%%

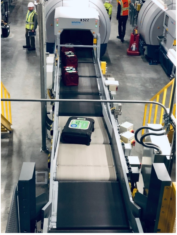
Testing of The new SLC baggage inspection system
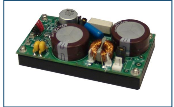
Image displays unit with EMI filter & control board
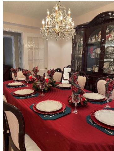
This is a photo of the table before we sat down to eat.

We look forward to sharing more stories when we get together again on Tuesday, January 10 at 1 pm. We will continue our study on “Loving Like Jesus.”
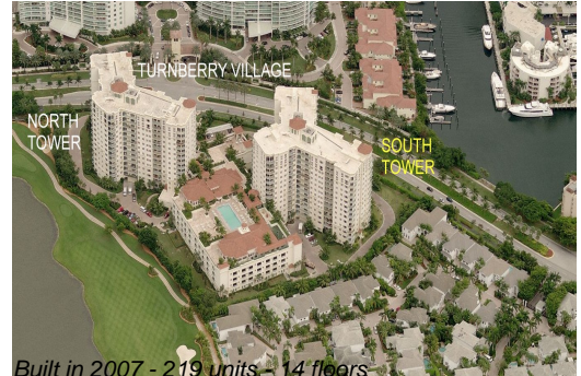
Built in 2007 - 219 units - 14 floors
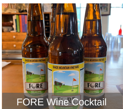
FORE Wine Cocktail

LIKE and FOLLOW Nickle Plate Bar & Grill on social media for the most up-to-date hours, drink specials and menu items. WE ARE OPEN 7 DAYS A WEEK! Join us for dinner or drinks soon! We look forward to serving you both indoors and out!
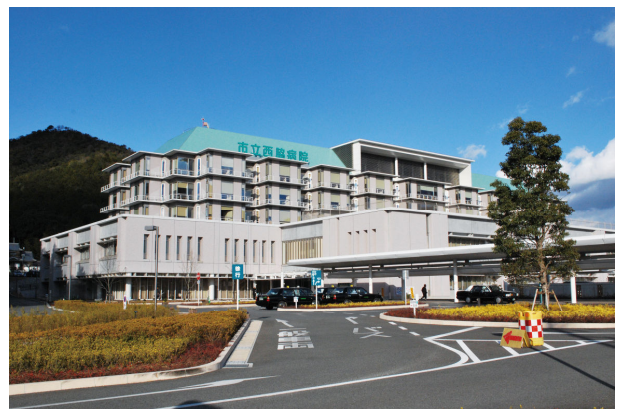
Fig. 1 View of Nishiwaki Municipal Hospital

The current hospital is an entirely new building of which construction started in March 2004 and its grand opening occurred in November 2009 ( Fig. 1 ). In the new hospital, the patient records are digitized, and with each year the hospital has come to play an increasingly large role as a key hospital for the coordination of regional cancer treatment and as a support hospital for regional medicine. This has resulted in the services Nishiwaki Municipal Hospital provides becoming indispensable to northern Kita-Harima.
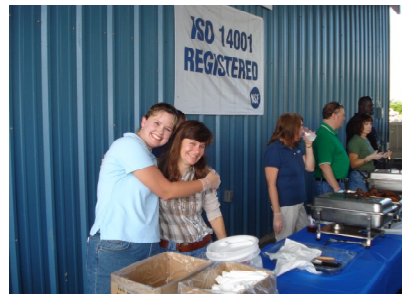
It was a team effort for Underground Utilities' Customer Service Week celebration.
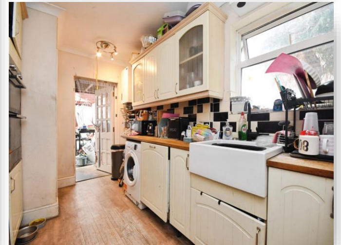
Fairview Cottage, Colchester Road, Chappel, COLCHESTER, CO6 2AE
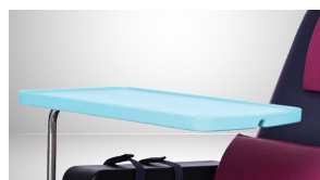
Food Table / Reading Table
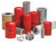
Fleet Service Filters
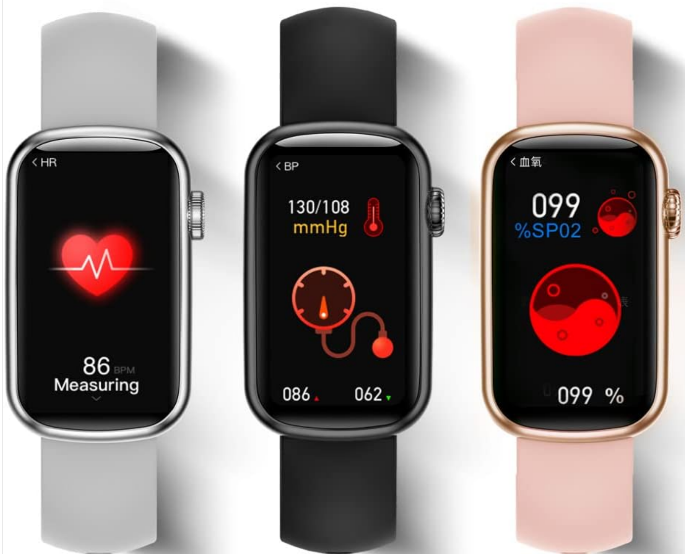
Figure 5: Comprehensive health tracking. This image displays three watches, each showing a different health metric: heart rate, blood pressure, and blood oxygen, emphasizing the watch's ability to monitor multiple vital signs.

Encourage you to develop good habits; it can also monitor heart rate, blood pressure, and blood oxygen. Notify you when detecting abnormal conditions so that you can take action to protect your health.
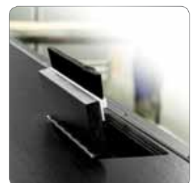
Neatly installed cables
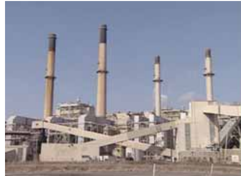
The AmerenUE Meramec plant is a four-unit, 865MW facility fired with PRB coal.

LOCATION: AmerenUE Meramec Plant St. Louis, Missouri (South, on the Mississippi River)
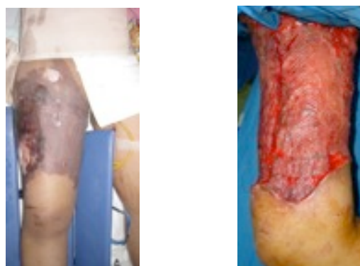
Figure 2. Case 1 a. Initial condition showed necrotic skin. (left) b. STSG seen right after operation Lateral side. (right)
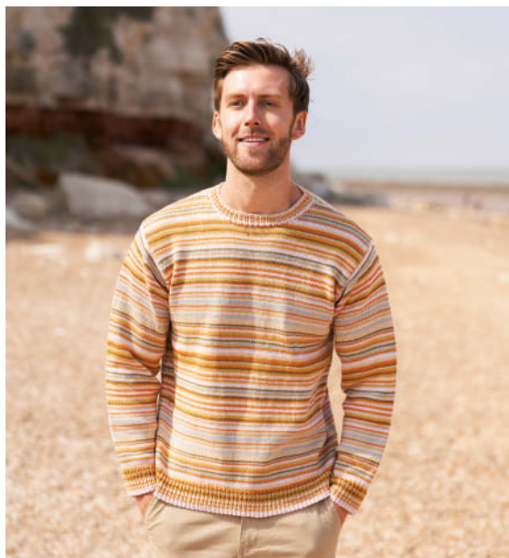
Sample size 102-107 cm (40-42")
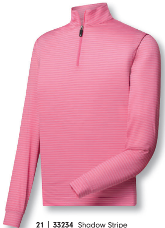
21 | 33234 Shadow Stripe Quarter-Zip Midlayer pink lemonade SRP: $115.00 logo _____
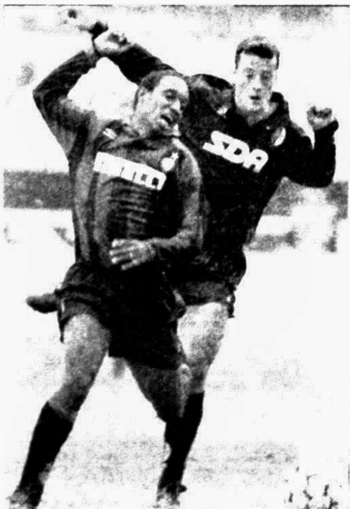
Paul Ince (L) of Inter Milan battles for possession with Torino's Paolo Cristallini during a Serie A clash on October 1. Torino were thrashed 0-4.

In all the trial generated more than a million lines of transcribed data, the company said, and featured 16,000 objections, 500 apologies and 300 sidebar conferences.
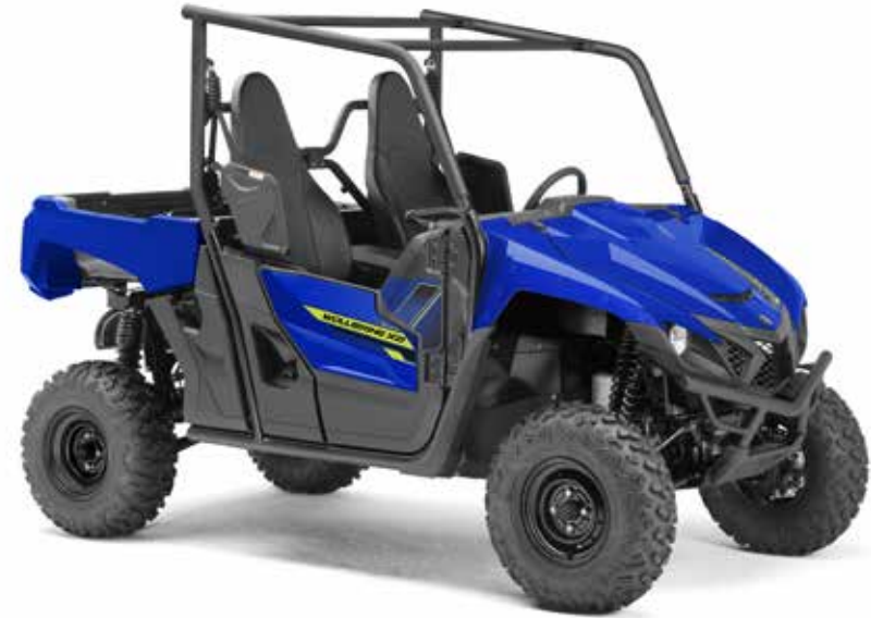
Wolverine X2 - Steel Blue
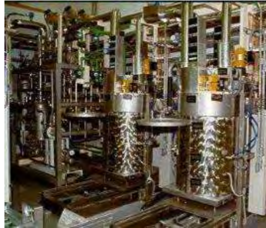
In Drum drying
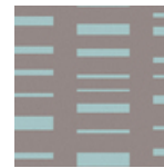
007 Ultramarine White On Raw Umber
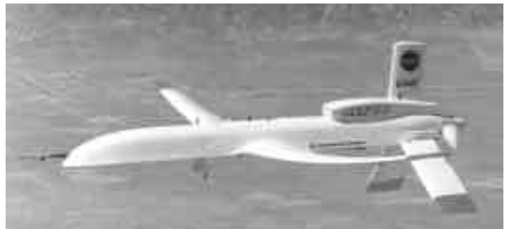
Altus II, built by General Atomics/Aeronautical Systems Inc.

General Atomics/Aeronautical Systems also produced the dual-turbocharged Altus II aircraft, a modified version of the RQ-1A Predator military reconnaissance UAV designed for civilian environmental science missions. The Altus II is also powered by a small four-cylinder Rotax piston engine driving a rear-mounted pusher propeller. The Altus II expanded its flight envelope to the point where it met an ERAST mission requirement for four hours flight duration at 55,000 feet altitude, and also maintained flight above
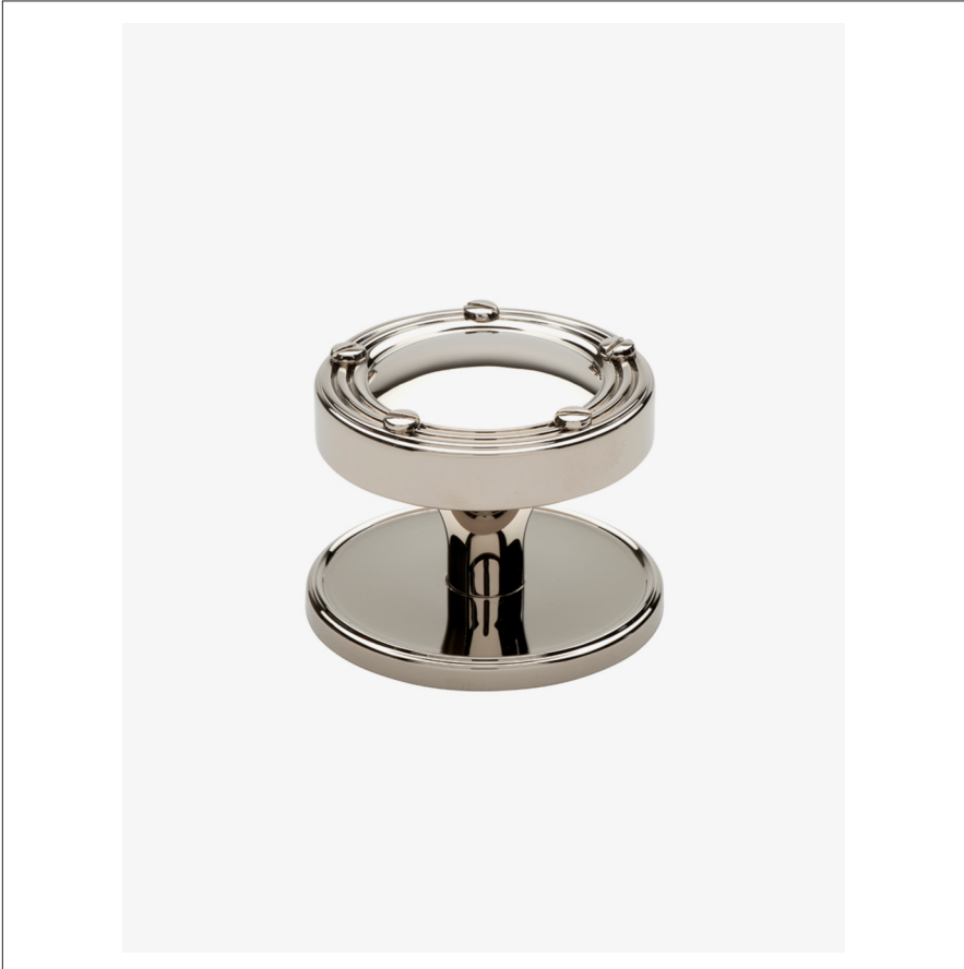
SHOWN IN GRIMSBY 1 1/2" KNOB | GMHW02
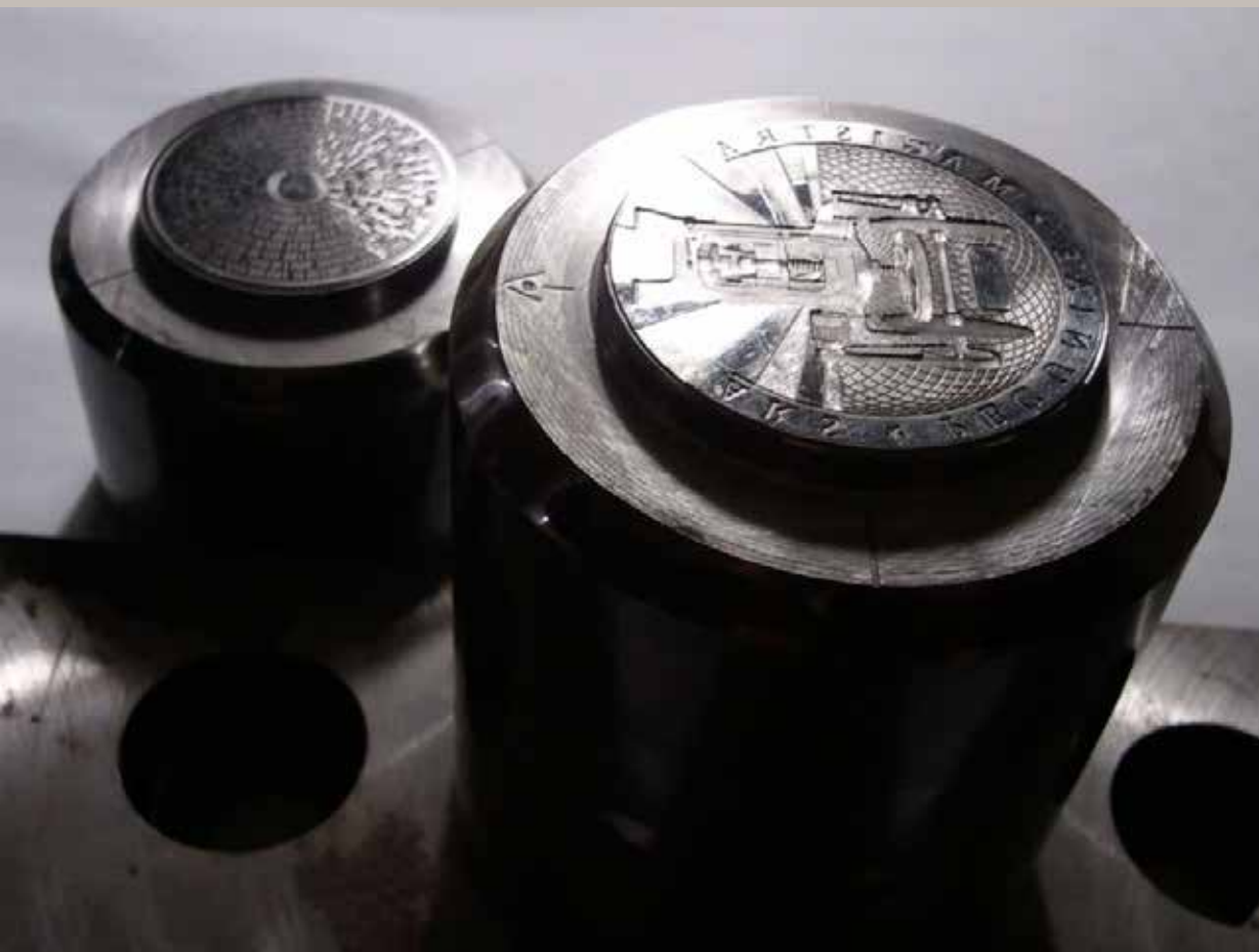
stamps for both sides of the coin

There is of course always a risk of a “bank run”, in which case the experiment will end. It's unlikely that the Dutch government will be willing to bail the bank out with public funds.
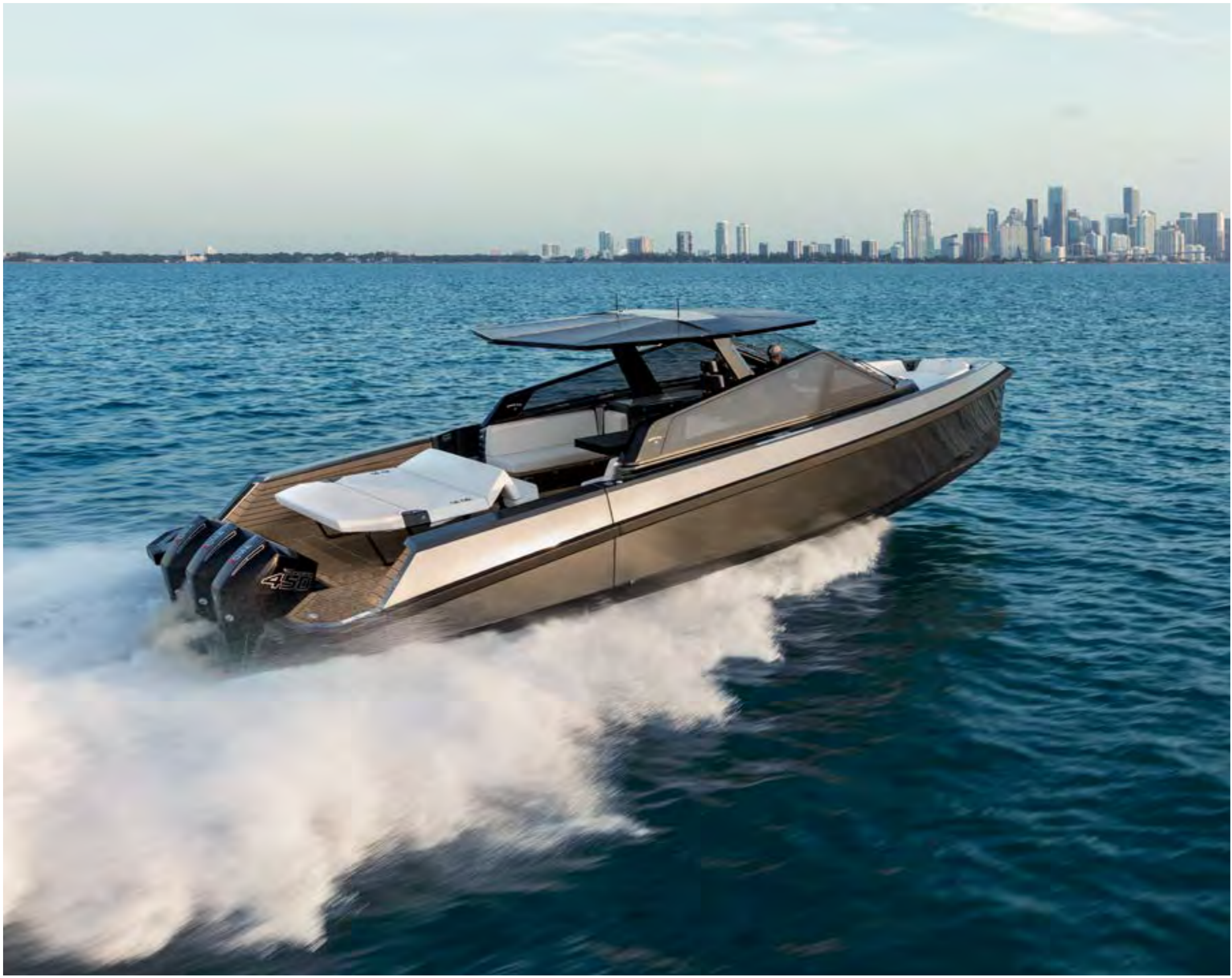
Wally shows its sportive side with wallytender43X

%%

## YOUR INSTRUCTIONS
A single number is the answer: how many lines of the material contain "Figure"?

## OUTPUT OF THE TASK
2